One of my students yesterday was wearing a t-shirt which had a lot of English writing on it. Most of it was in cursive script, for which I was grateful, as there was a lot of bad language in there. But in large, clearly printed letters across the back was:

TROUBLE EVERY DAY

That part was not cursive.

The student wearing this t-shirt is the only girl in a class of science students. On the first day of classes this semester she introduced herself by saying that she loved meeting people and making friends. She thought people were interesting. EVERYBODY was interesting, she said.

She is a lovely kid, and I'm happy to have her in the class. All the boys love her. True to her self-introduction she is brightly interested in everything and everybody. She makes everybody feel special, including the nerds and the very shy boys. She makes them laugh. In fact, when I have the students changing conversational partners I can always tell where she is by the laughter.

"I like your t-shirt," I told her yesterday. "Especially what it says on the back." I pointed.

"Eh?" she said, and turned around. Shota, who was sitting behind her, and whose English is a little better than the others, told her to turn back again. She did, very confused. "What did sensei say?" she asked, twisting around again.

"TURN AROUND!" he said, and she did, looking worried and trying to peek over her shoulder. Shota frowned with effort and read, loudly and slowly,

"TROUBLE EVERY DAY."

There was a pause as the class digested this, then everybody laughed, including the girl.

"Who?" she asked.

"You," said Shota. "That's what your t-shirt says."

"REALLY?" she said.

If it's on their clothes, my students can't read English however it's written, apparently.

3 comments:

Mr Cursive said...

Just a week ago I had to make up a sheet of cursive lower case & caps for a polytech (TAFE) Business certificate class I teach - the students are from Afghanistan, from Sri Lanka, from China... from everywhere! and none of them can read cursive English in hand scribbled edits in docs they have to process. Found I could hardly write cursive any more - wish it would fall out of use (well maybe it is!)

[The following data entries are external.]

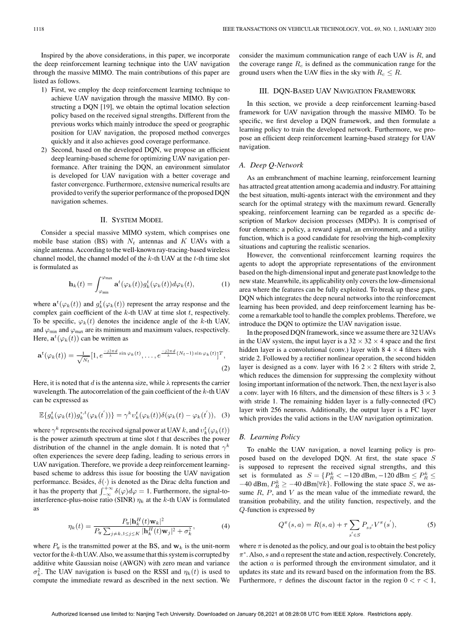 表示无人机接收的信号功率;为时间槽处的功率方位角谱,其描述了信道在角度域的功率分布。经常经历严重的深衰落导致无人机导航的严重误差。因此,我们提出了一种基于深度强化学习的方案来解决这一问题,以提高无人机的导航性能。此外,表示狄拉克函数,具有性质。进一步推导出第个无人机的信噪比为
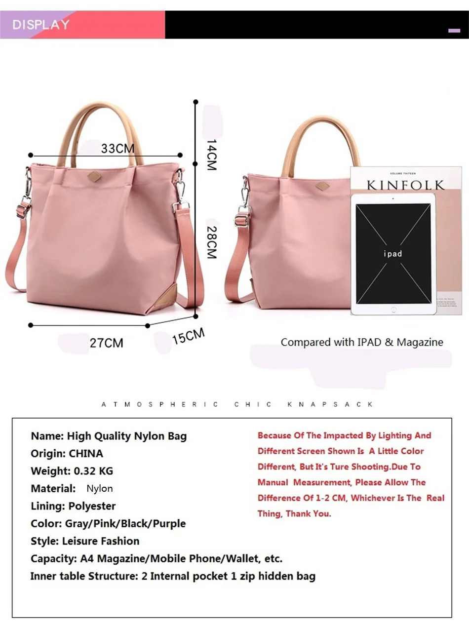 Female Shopping Work One Shoulder Bag Waterproof Nylon Friends Gathering Handbags New Large Capacity Travel Female Messenger Bag
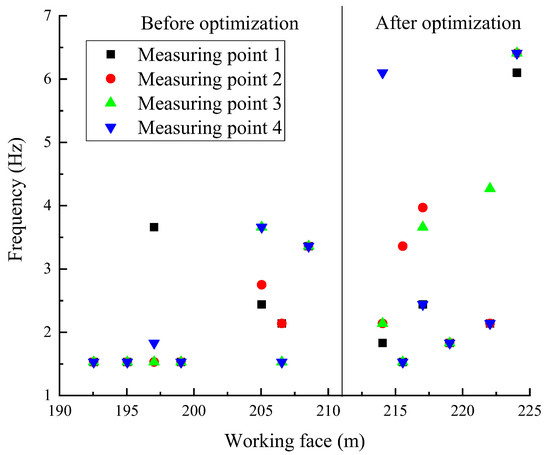 Before the optimization of the blasting scheme, during the blasting construction, the working face mileage is located at DK44+192.54.200–DK44+214.04, and the maximum single section charge is 7–10 kg. During the blasting construction, 7 sets of data were monitored, 28 blasting vibration signals were measured, and the blasting vibration frequency measured at the measuring point was within the range of 1.53–3.66 Hz. After the optimization of the blasting scheme, during the blasting construction, the working face mileage is located at DK44+214.04–DK44+224.04, and the maximum single section charge is 2.4–3.2 kg. During the blasting construction, six times of monitoring were conducted and six groups of measured data were obtained, with a total of 24 blasting vibration signals. The measuring points were arranged in the brick concrete structure building, and the measured blasting vibration frequency was 1.53–6.41 Hz, mainly concentrated in 1.53–5.00 Hz. By comparing the monitored blasting vibration frequencies before and after the optimization of the blasting scheme in Table 2 and the distribution of blasting vibration before and after the optimization of the blasting scheme in Figure 8, the optimization of the blasting scheme can be obtained, which significantly increases the blasting vibration frequency. The reference [37] stipulates that the allowable safety standards for blasting vibration in China consider both blasting vibration frequency and blasting vibration speed. For the same object, when the blasting vibration frequency is low, the safety allowable vibration speed is small. Since the natural vibration frequency of the brick concrete structure building is low, the blasting vibration frequency of the brick concrete structure building after the blasting scheme optimization becomes larger, which makes it more difficult to form resonance phenomenon, and the building is safer.
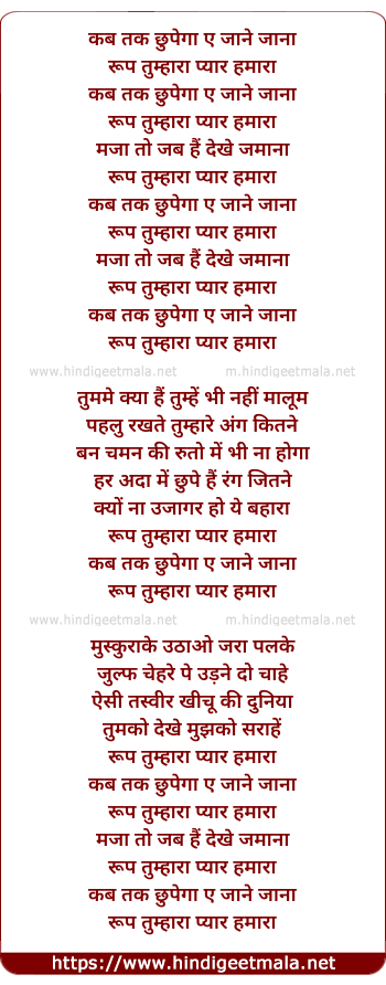 Lyrics of Kab Tak Chupega Ae Jaane Jaana - कब तक छुपेगा ए जाने जाना
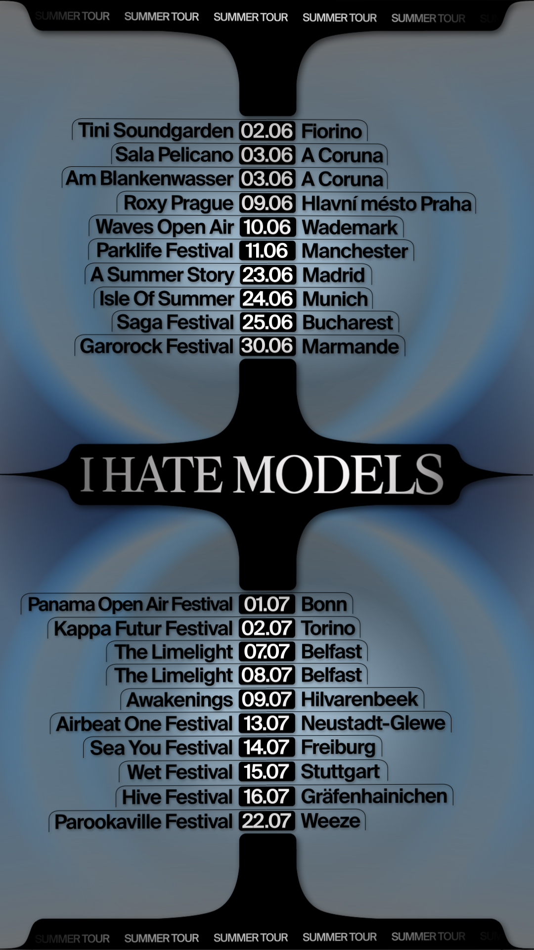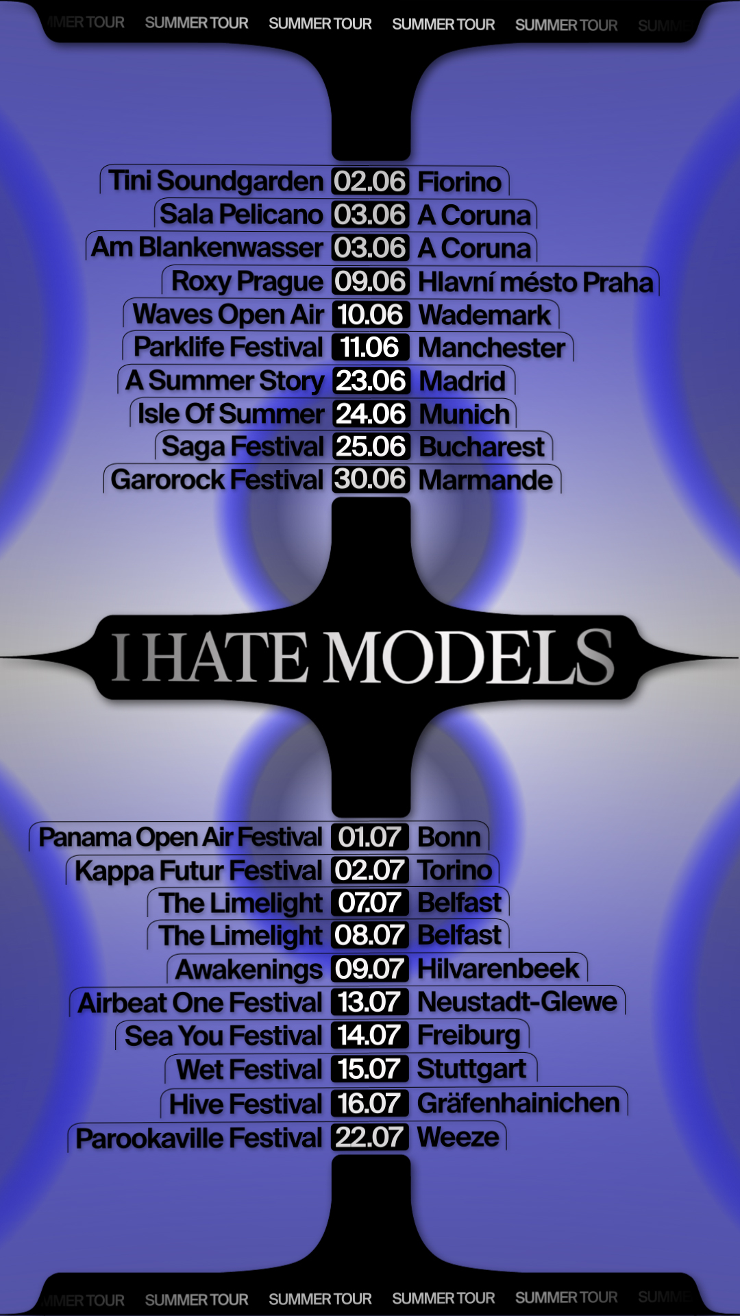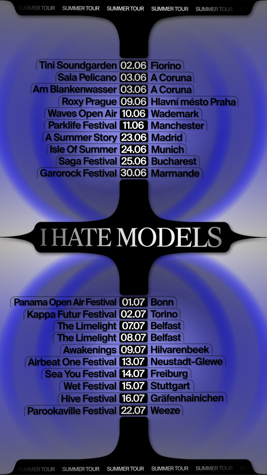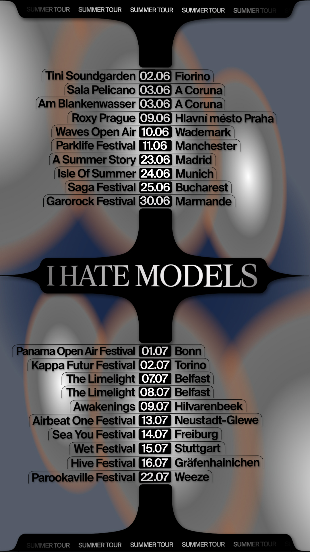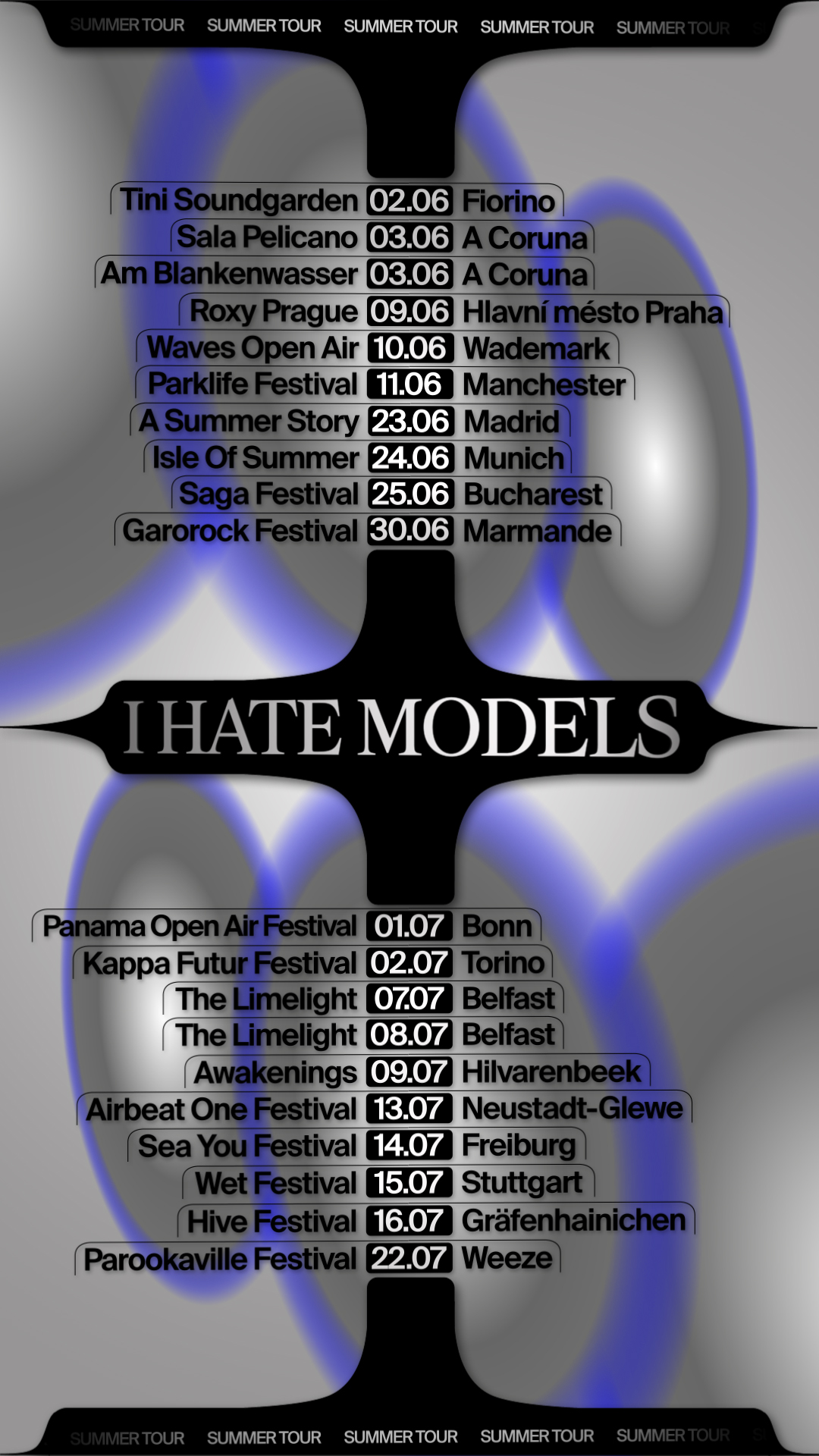 Recherches graphiques pour l'annonce du summer tour 2023 de I HATE MODELS. Système de motion design et déclinaisons d'affiches. Le système offre de très nombreuses combinaisons de couleurs et de formes.

And ah! Japanese T-shirt English - poetry! "It is very summer"...

Tabor said...

Interesting phenomenon. Never thought about this change when teaching students who will need to sign their names.

SomedaysSarah said...

I once spent a hilarious afternoon with my two host-sisters walking around a mall in Kagoshima translating the English and French on t-shirts. We were all terribly amused by the exercise, but it had another result - to this day neither of my sisters will wear a t-shirt that that they don't understand (and agree with).